== Segment start ==

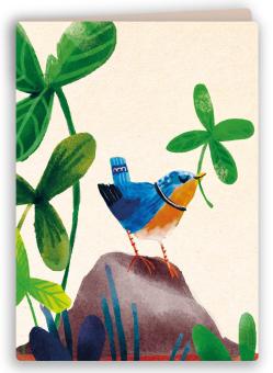 Onze kaarten worden waterloos gedrukt met gifvrije bio-inkt, op papier gemaakt van bladeren en stengels uit oogstafval.
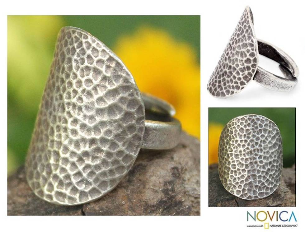 If you are trying to find that bold ring that chants beauty, beauty beauty....look no further Achara is so talented and has created yet another enchanting piece in "The Silver Sun." I also purchased the "Hill Tribe Sun." I wanted a silver cuff style ring, that I could wear on my middle finger and that made my hand pop with a sassy kind of elegance.....and so I had to buy two of Achara's cuff rings each unique in their own way. With the silver sun ring the design focuses on the front and the Hill Tribe Sun not only has design on front but on the back where the cuffs meet....what a fantastic idea n creation. I luv how the ring doesn't slide around, it literally hugs my finger securely and with comfort. Money well spent, truly a gorgeous style Achara thx U!!!!!
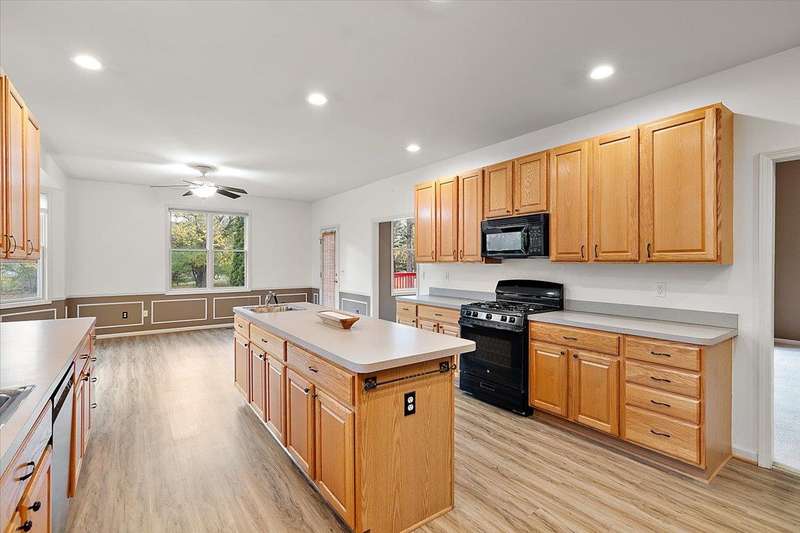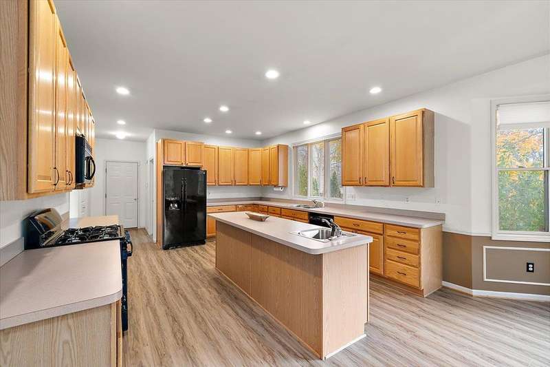 Welcome home to this spacious and beautifully cared-for ranch, tucked away on a lovely .65-acre lot surrounded by nature. Step inside to find hardwood floors in the foyer, vaulted ceilings, and plenty of closet space for all your everyday essentials. The open great room feels bright and cozy with its tall ceilings, recessed lighting, plush newer carpet, large windows, and a gas fireplace — perfect for family movie nights or relaxing evenings together. The kitchen is truly the heart of this home! It’s huge — with an oversized island, tons of counter space, and a sunny eat-in area big enough for a large dining table. You’ll love the view of the backyard where you can watch birds and wildlife while enjoying your morning coffee. All of the bedrooms are generous in size and offer plenty of closet space. The primary suite features a walk-in closet, a large tub and shower, and a private door leading to the spacious back deck — a great spot to unwind or host family barbecues. Downstairs, the freshly painted basement stretches the full length of the home, giving you endless options for a playroom, home gym, or extra storage. The freshly painted 2.5-car attached garage adds even more convenience.This home has been lovingly maintained and is ready for its next chapter. BATVAI
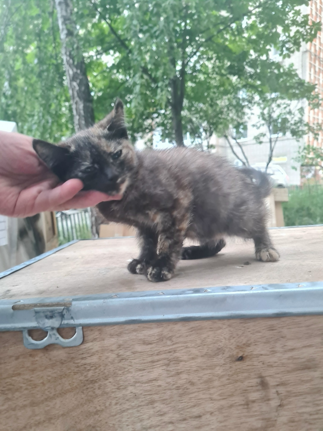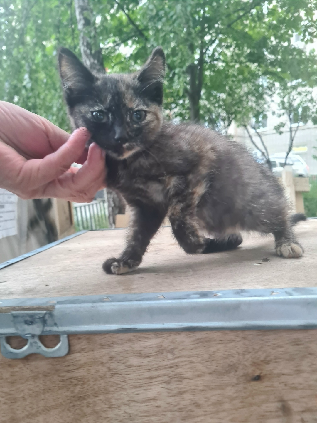 Это девочка черепахового окраса, ей примерно 1,5-2 месяца, очень маленькая, безумно красивая и ласковая.
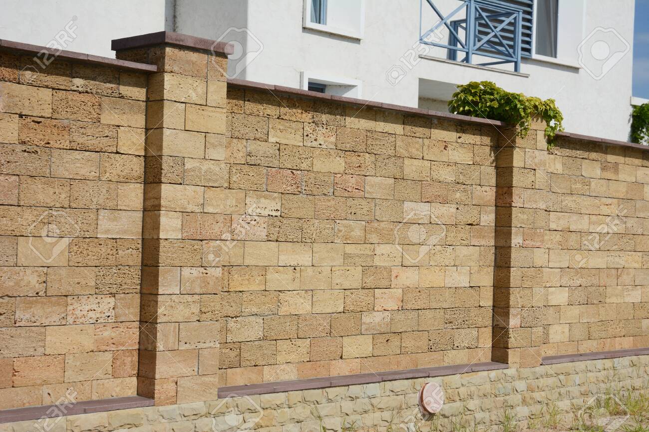 A Close-up On Brown Oyster Shell Foamed Brick, Limestone Brick Fence With Support Pillars. Фотография, картинки, изображения и сток-фотография без роялти. Image 147719047
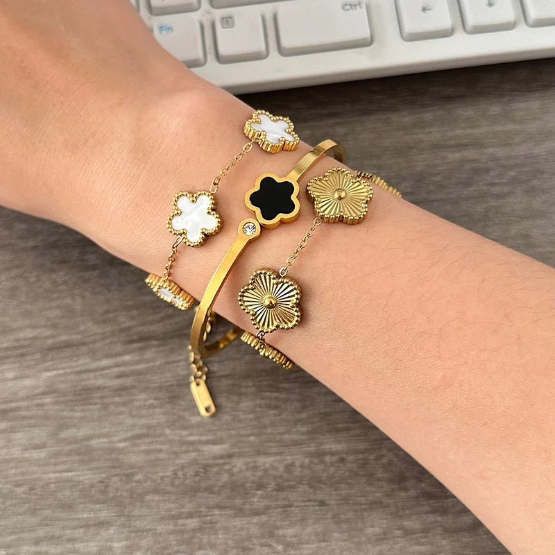 Countess 3 Piece Clover Bracelet Set | Gold
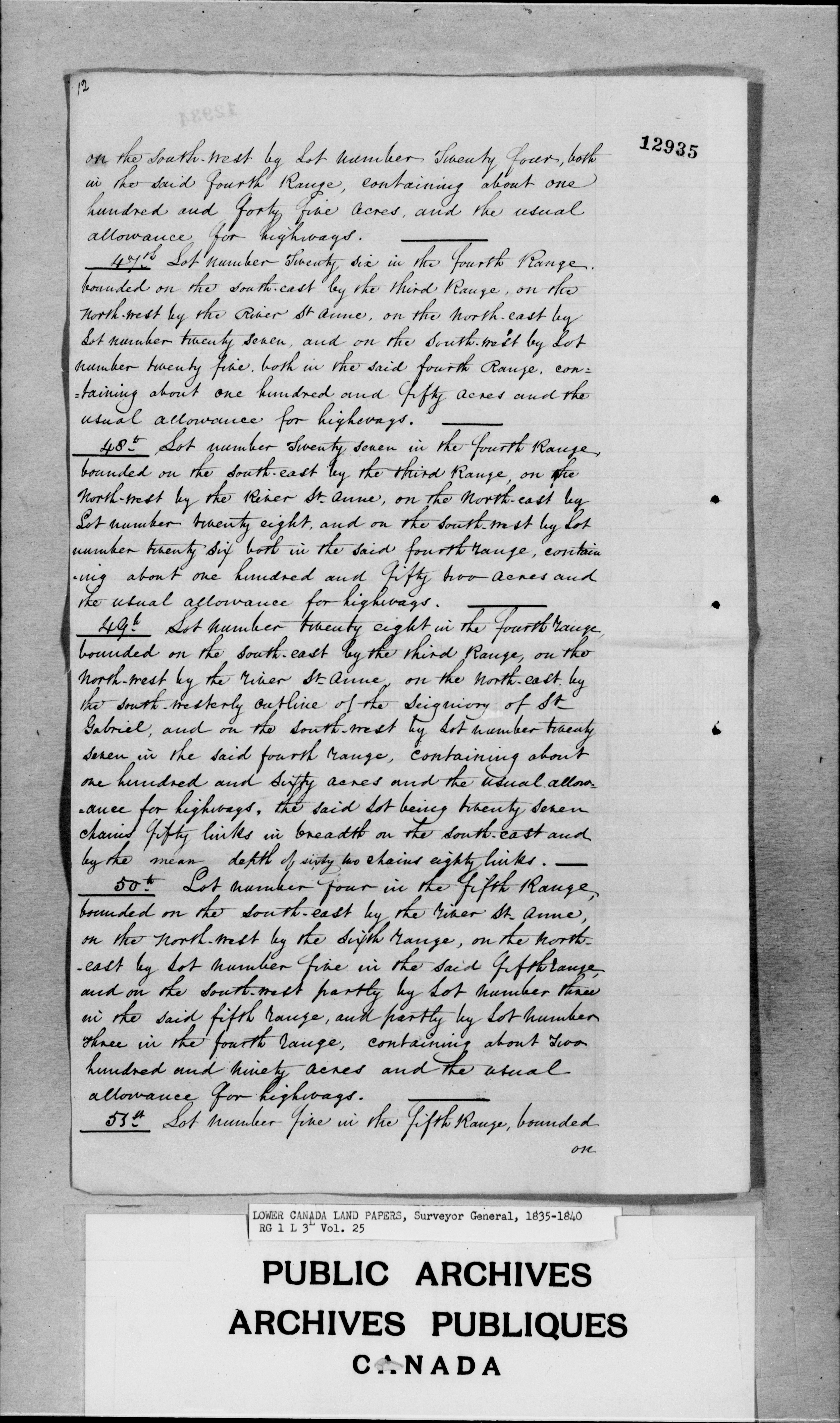 Lower Canada Land Papers : Surveyor General - 2502
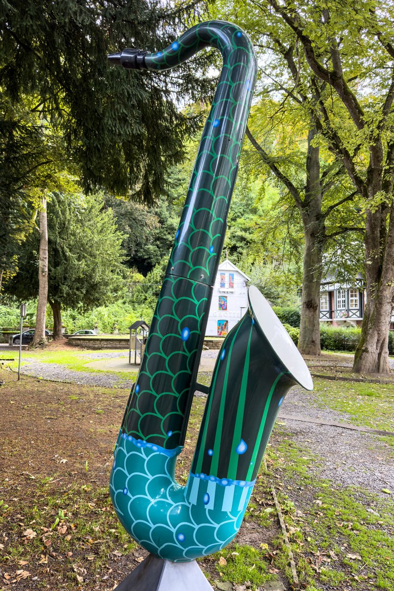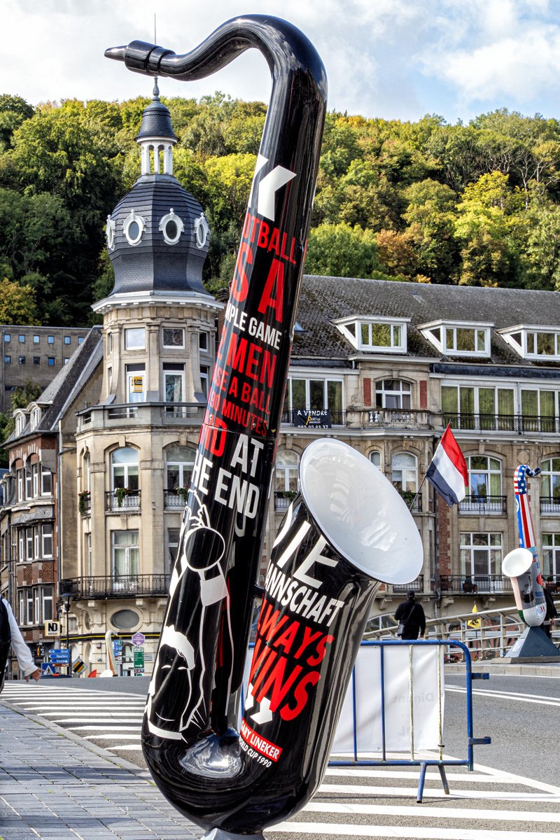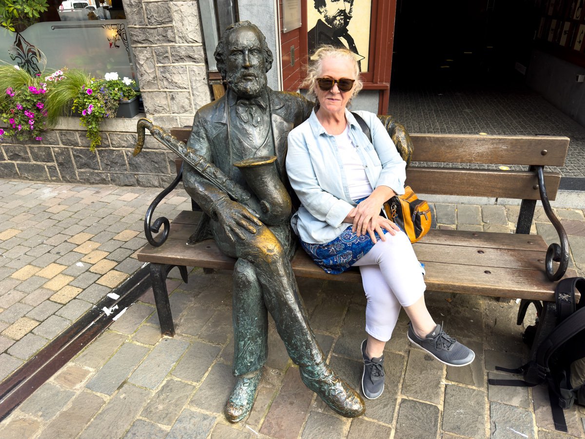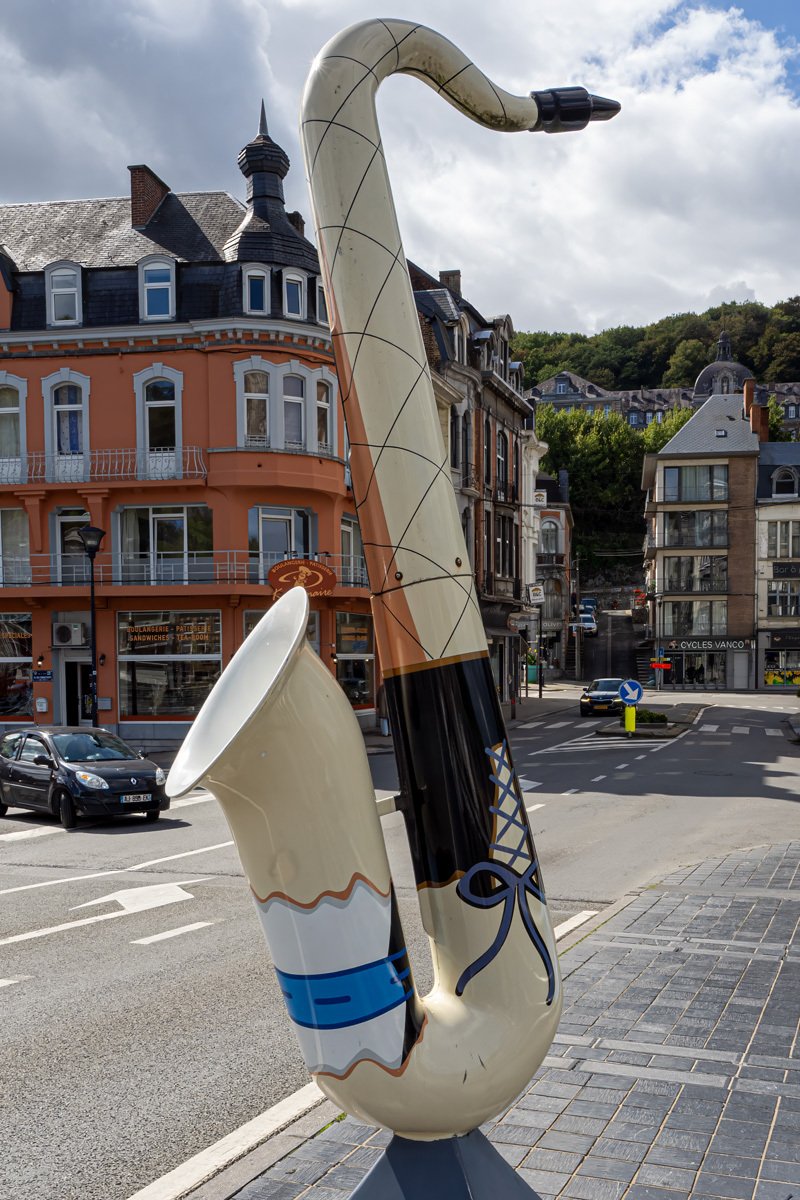 Today we hung around Dinant and enjoyed a more relaxing day. The inventor of the saxophone, Adolphe Sax, was born here in 1814, and the instrument has become a proud symbol of the city. The most obvious reminder is the giant painted fiberglass saxophones scattered throughout town. These were originally created for an art competition in 2010, with designs contributed by countries around the world. They say there’s a map to help you find them, but it’s not much help—it doesn’t show all the locations clearly, nor even how many there are. From what I could piece together, there are 35 in total, but with 4 on loan and 1 under repair, 30 remain in Dinant. Peggy and I made it our mission to hunt them down today and think we tracked 29 of them—so close to a clean sweep!

== Segment end ==

Exercise directions:
In the records above, find the line with "Welcome home to" and the line with "Это девочка черепахового", then restate word for word only those two lines and all lines between, omitting pictures.

Task result:
 Welcome home to this spacious and beautifully cared-for ranch, tucked away on a lovely .65-acre lot surrounded by nature. Step inside to find hardwood floors in the foyer, vaulted ceilings, and plenty of closet space for all your everyday essentials. The open great room feels bright and cozy with its tall ceilings, recessed lighting, plush newer carpet, large windows, and a gas fireplace — perfect for family movie nights or relaxing evenings together. The kitchen is truly the heart of this home! It’s huge — with an oversized island, tons of counter space, and a sunny eat-in area big enough for a large dining table. You’ll love the view of the backyard where you can watch birds and wildlife while enjoying your morning coffee. All of the bedrooms are generous in size and offer plenty of closet space. The primary suite features a walk-in closet, a large tub and shower, and a private door leading to the spacious back deck — a great spot to unwind or host family barbecues. Downstairs, the freshly painted basement stretches the full length of the home, giving you endless options for a playroom, home gym, or extra storage. The freshly painted 2.5-car attached garage adds even more convenience.This home has been lovingly maintained and is ready for its next chapter. BATVAI
 Это девочка черепахового окраса, ей примерно 1,5-2 месяца, очень маленькая, безумно красивая и ласковая.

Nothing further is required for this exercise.